Task to carry out: Leave the pictures out. Retype exactly the lines below from the one containing "작성자 오픈아츠스페이스머지 조회" through the one containing "Full Zip Sweater", and no others.

Excerpted data:

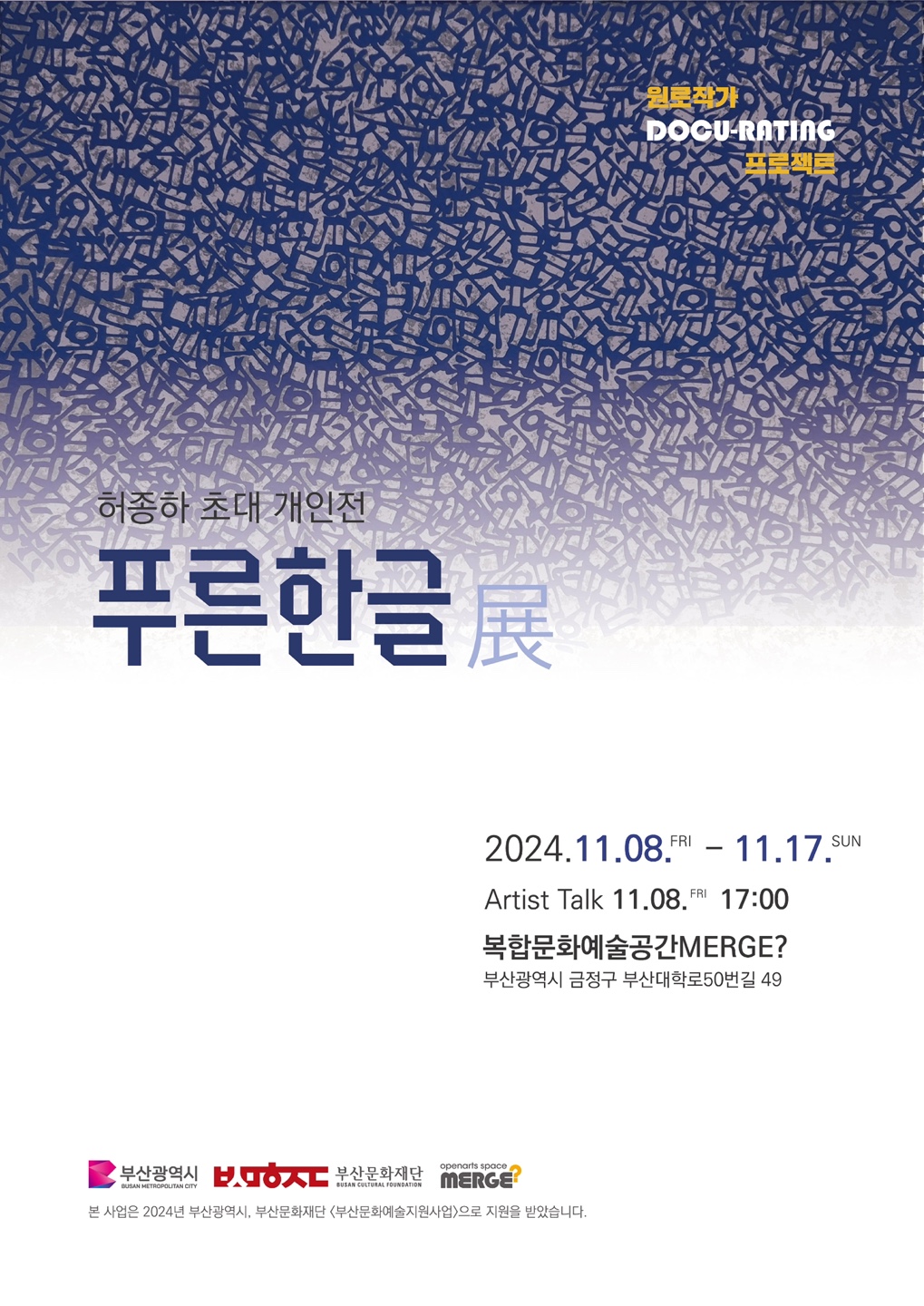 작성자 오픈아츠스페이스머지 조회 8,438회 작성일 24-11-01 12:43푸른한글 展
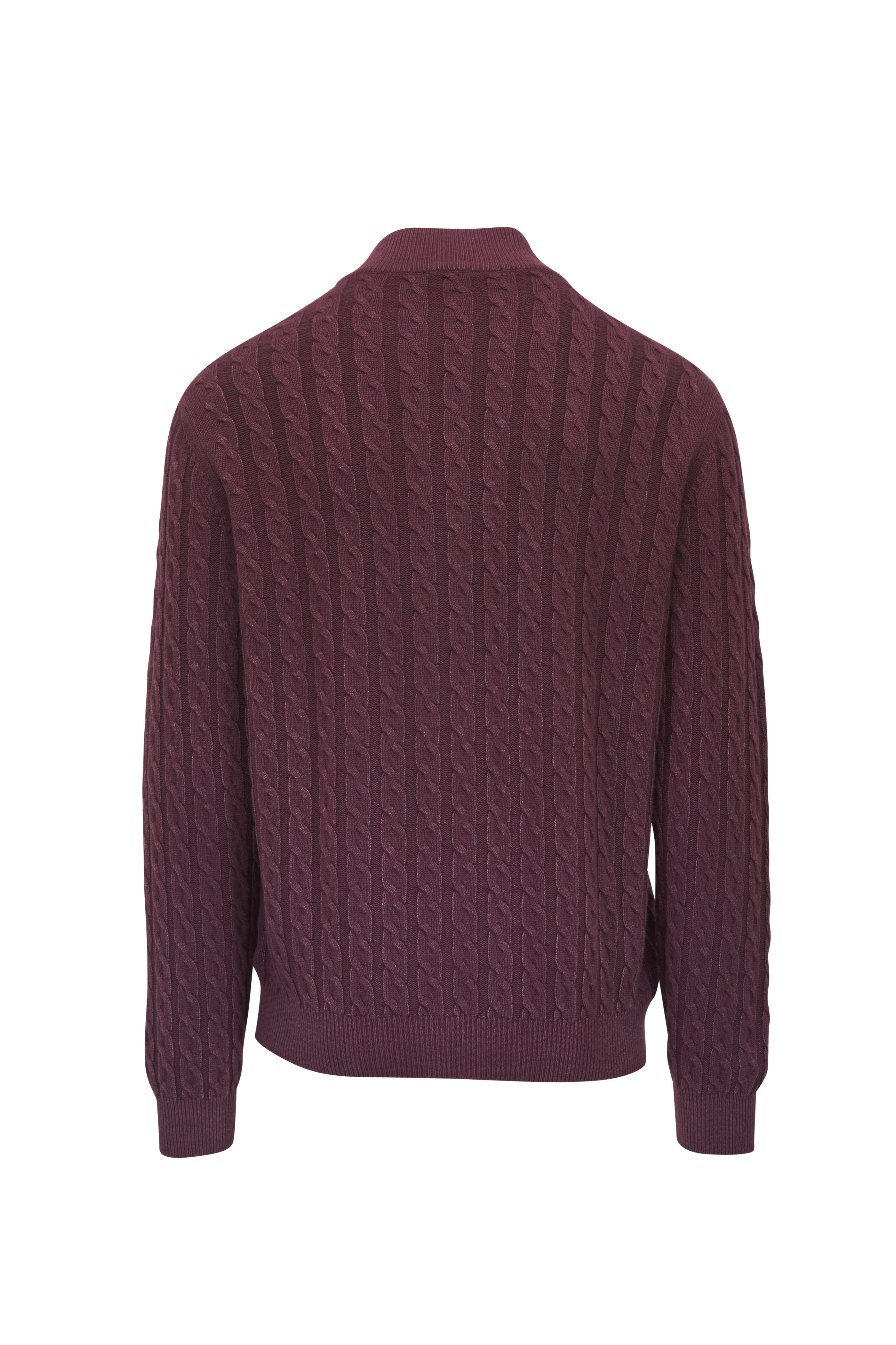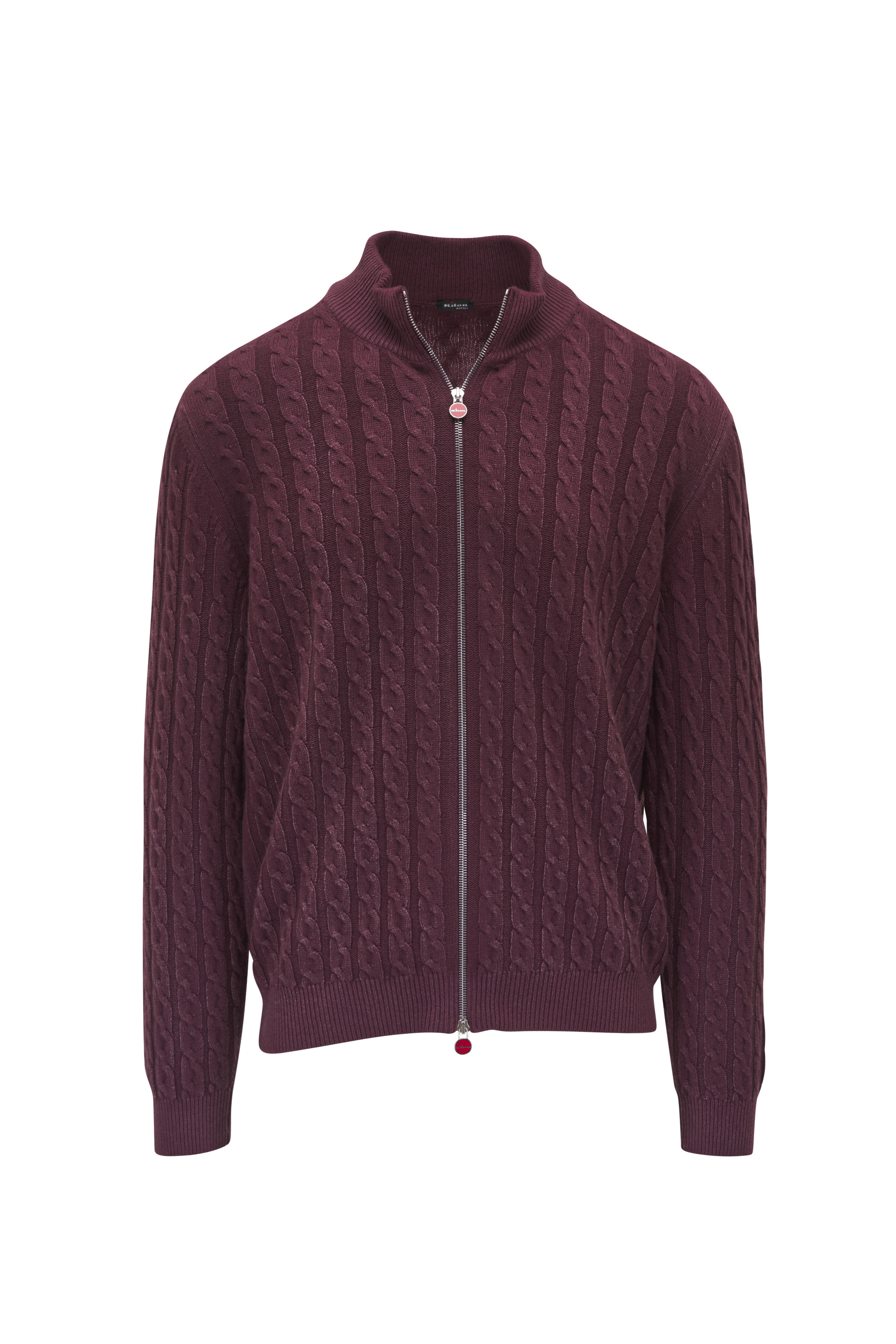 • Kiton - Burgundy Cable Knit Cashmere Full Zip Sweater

==

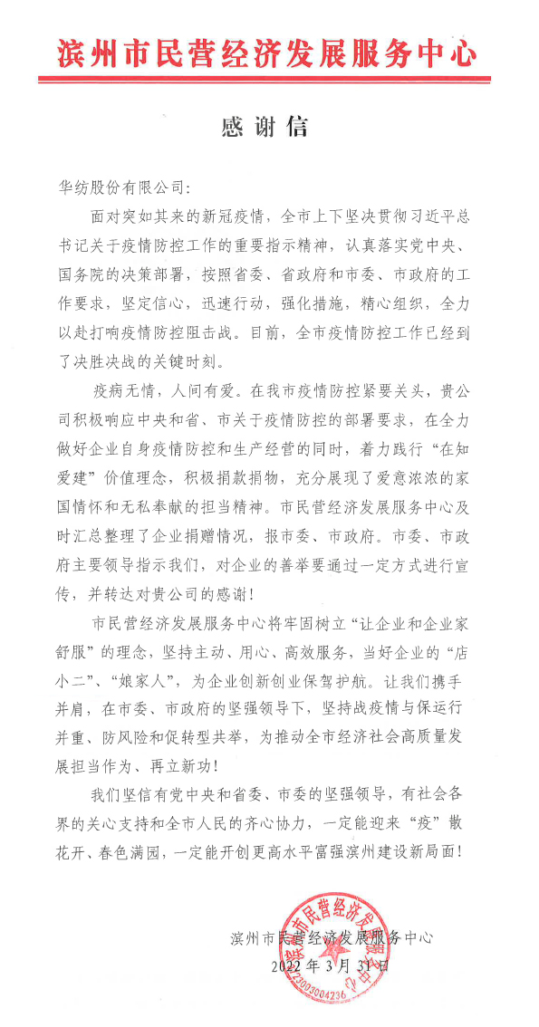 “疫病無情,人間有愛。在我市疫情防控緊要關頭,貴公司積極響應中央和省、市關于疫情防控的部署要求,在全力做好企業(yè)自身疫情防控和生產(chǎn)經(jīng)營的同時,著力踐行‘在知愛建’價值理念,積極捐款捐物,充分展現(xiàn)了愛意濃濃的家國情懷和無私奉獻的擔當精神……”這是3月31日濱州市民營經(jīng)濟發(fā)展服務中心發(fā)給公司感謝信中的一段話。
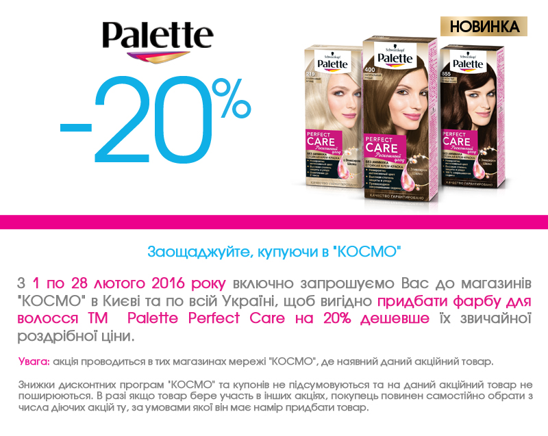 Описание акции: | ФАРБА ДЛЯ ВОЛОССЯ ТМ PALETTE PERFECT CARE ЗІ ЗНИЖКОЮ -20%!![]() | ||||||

* * *

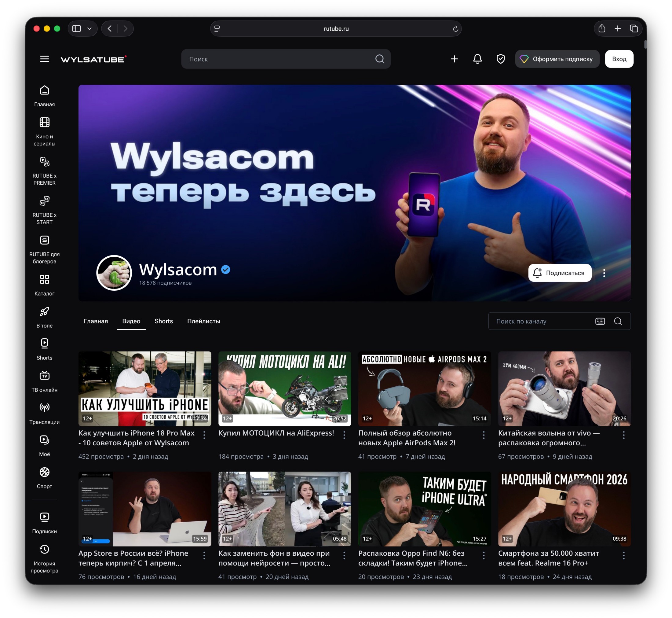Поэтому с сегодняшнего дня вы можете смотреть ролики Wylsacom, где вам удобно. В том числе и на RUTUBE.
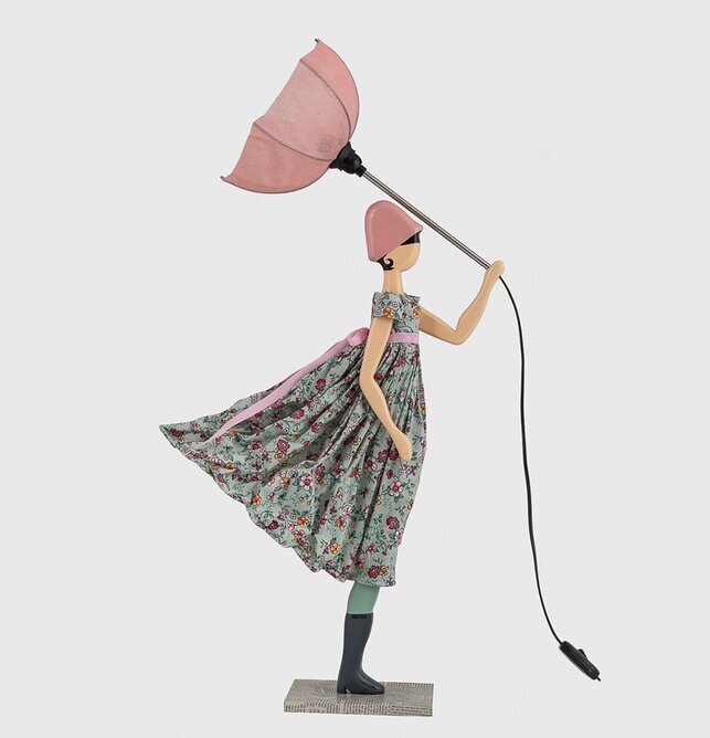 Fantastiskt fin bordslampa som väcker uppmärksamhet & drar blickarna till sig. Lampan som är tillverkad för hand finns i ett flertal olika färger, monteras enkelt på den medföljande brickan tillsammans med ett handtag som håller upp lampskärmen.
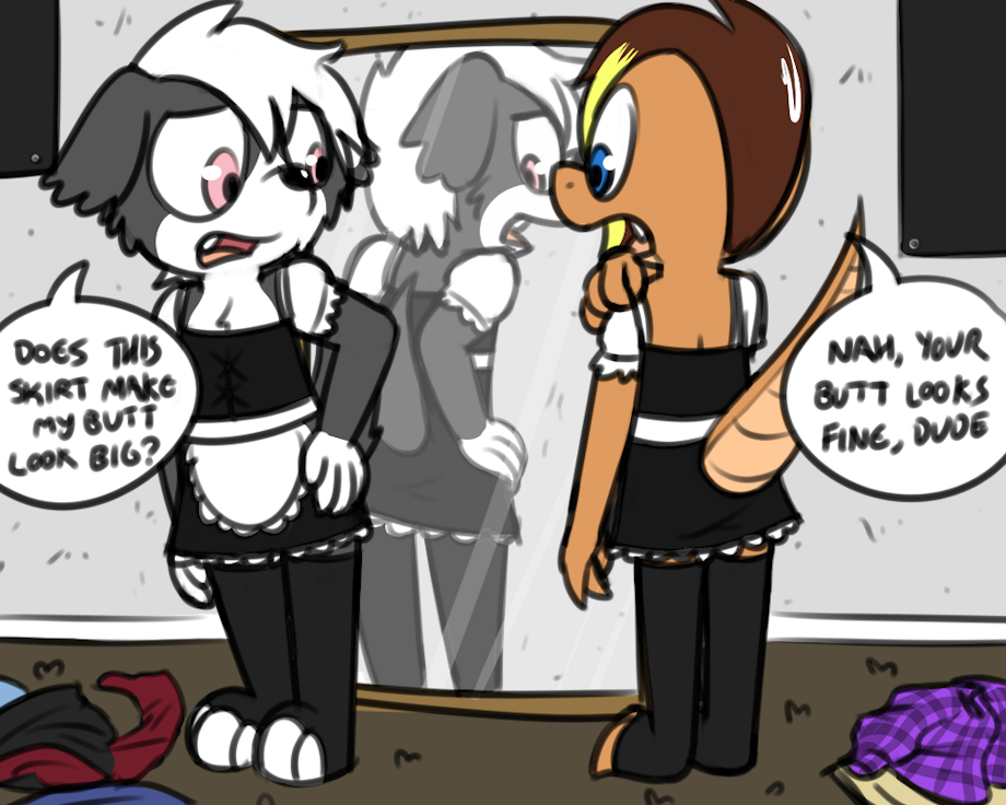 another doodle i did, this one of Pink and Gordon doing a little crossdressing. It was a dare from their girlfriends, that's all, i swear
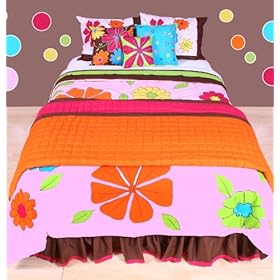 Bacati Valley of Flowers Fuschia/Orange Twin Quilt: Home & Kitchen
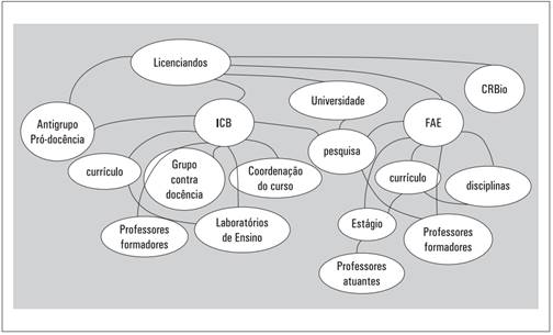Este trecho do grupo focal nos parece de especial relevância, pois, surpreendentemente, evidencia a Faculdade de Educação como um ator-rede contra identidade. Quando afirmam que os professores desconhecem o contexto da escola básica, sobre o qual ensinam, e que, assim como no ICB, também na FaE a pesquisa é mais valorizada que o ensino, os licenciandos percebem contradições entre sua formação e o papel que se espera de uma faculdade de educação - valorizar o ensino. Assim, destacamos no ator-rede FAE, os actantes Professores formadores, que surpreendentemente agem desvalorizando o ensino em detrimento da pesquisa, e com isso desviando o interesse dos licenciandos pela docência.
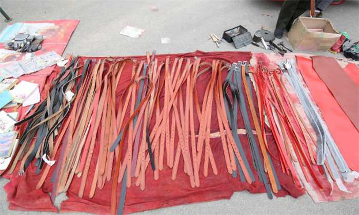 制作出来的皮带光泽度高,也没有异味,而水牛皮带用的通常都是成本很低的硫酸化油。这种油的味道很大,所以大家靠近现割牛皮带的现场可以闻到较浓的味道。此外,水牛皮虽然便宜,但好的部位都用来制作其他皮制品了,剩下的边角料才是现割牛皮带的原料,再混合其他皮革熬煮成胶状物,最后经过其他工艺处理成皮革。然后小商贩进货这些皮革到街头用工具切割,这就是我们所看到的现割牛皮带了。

Response to the exercise:
 작성자 오픈아츠스페이스머지 조회 8,438회 작성일 24-11-01 12:43푸른한글 展
 • Kiton - Burgundy Cable Knit Cashmere Full Zip Sweater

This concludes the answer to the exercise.